Content starts

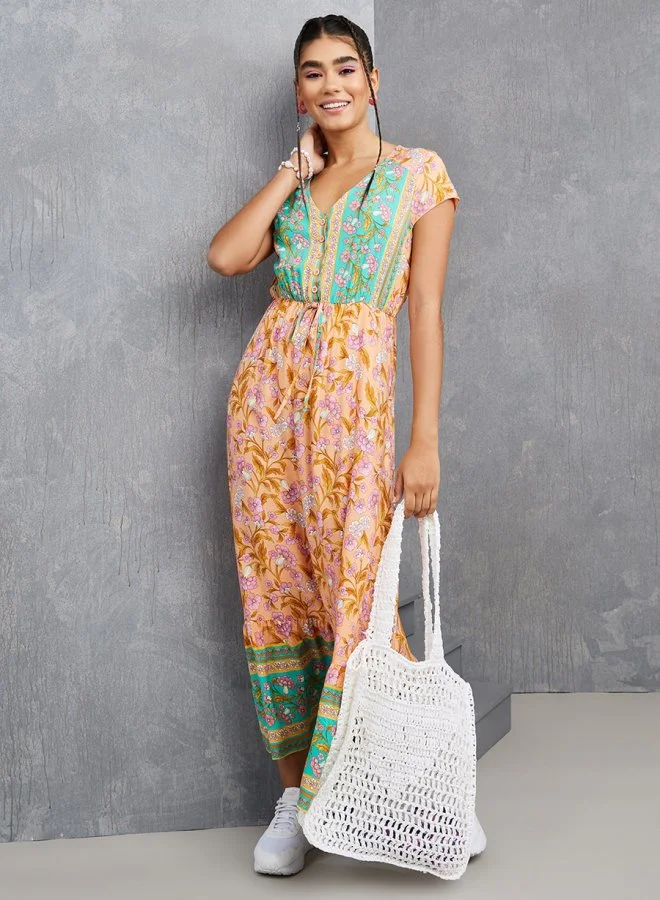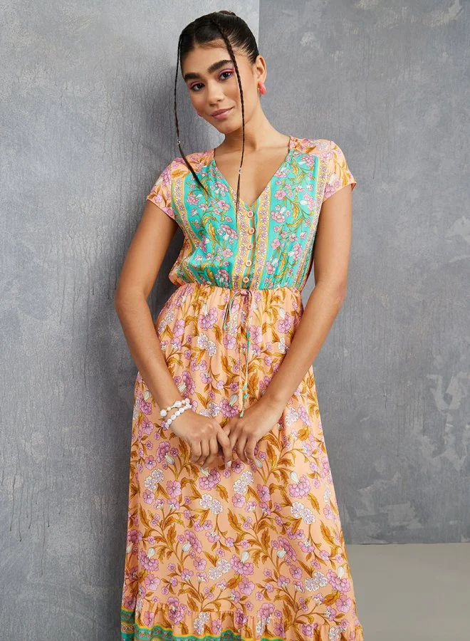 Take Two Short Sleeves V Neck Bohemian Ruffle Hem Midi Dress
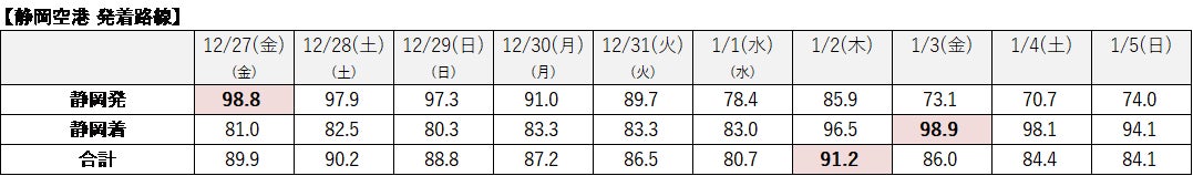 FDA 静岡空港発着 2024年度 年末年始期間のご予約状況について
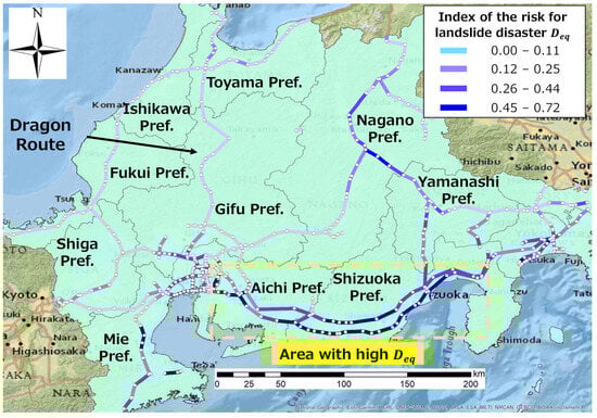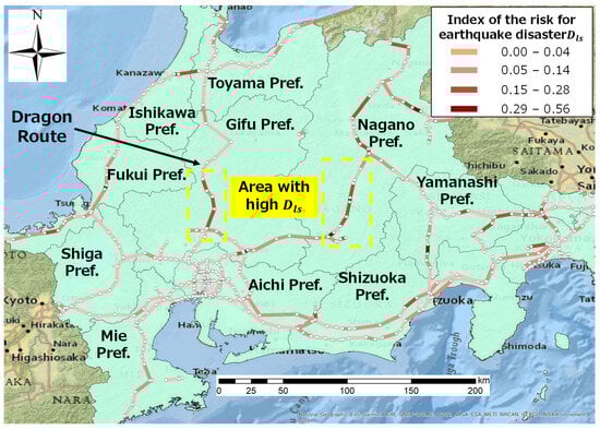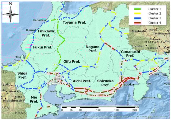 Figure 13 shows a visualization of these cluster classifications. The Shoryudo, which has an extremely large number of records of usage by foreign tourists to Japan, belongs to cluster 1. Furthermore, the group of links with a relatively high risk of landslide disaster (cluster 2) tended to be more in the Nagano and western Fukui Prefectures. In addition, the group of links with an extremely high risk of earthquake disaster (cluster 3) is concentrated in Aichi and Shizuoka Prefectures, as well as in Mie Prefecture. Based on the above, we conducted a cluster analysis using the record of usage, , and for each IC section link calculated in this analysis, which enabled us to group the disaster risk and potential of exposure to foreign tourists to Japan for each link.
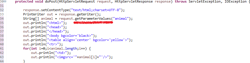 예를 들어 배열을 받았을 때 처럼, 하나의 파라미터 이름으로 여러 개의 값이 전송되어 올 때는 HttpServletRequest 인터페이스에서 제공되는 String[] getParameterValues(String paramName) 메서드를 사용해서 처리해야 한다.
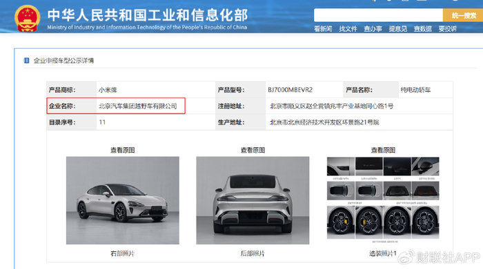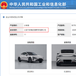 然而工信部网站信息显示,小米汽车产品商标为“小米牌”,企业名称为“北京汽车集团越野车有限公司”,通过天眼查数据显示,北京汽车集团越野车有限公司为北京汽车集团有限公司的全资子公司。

Content ends

### WORK INSTRUCTIONS
Include the first line of the records, the line containing "FDA 静岡空港発着 2024年度 年末年始期間のご予約状況について", and every line between them, repeated exactly. Skip the pictures.

### OUTPUT OF THE TASK
 Take Two Short Sleeves V Neck Bohemian Ruffle Hem Midi Dress
 FDA 静岡空港発着 2024年度 年末年始期間のご予約状況について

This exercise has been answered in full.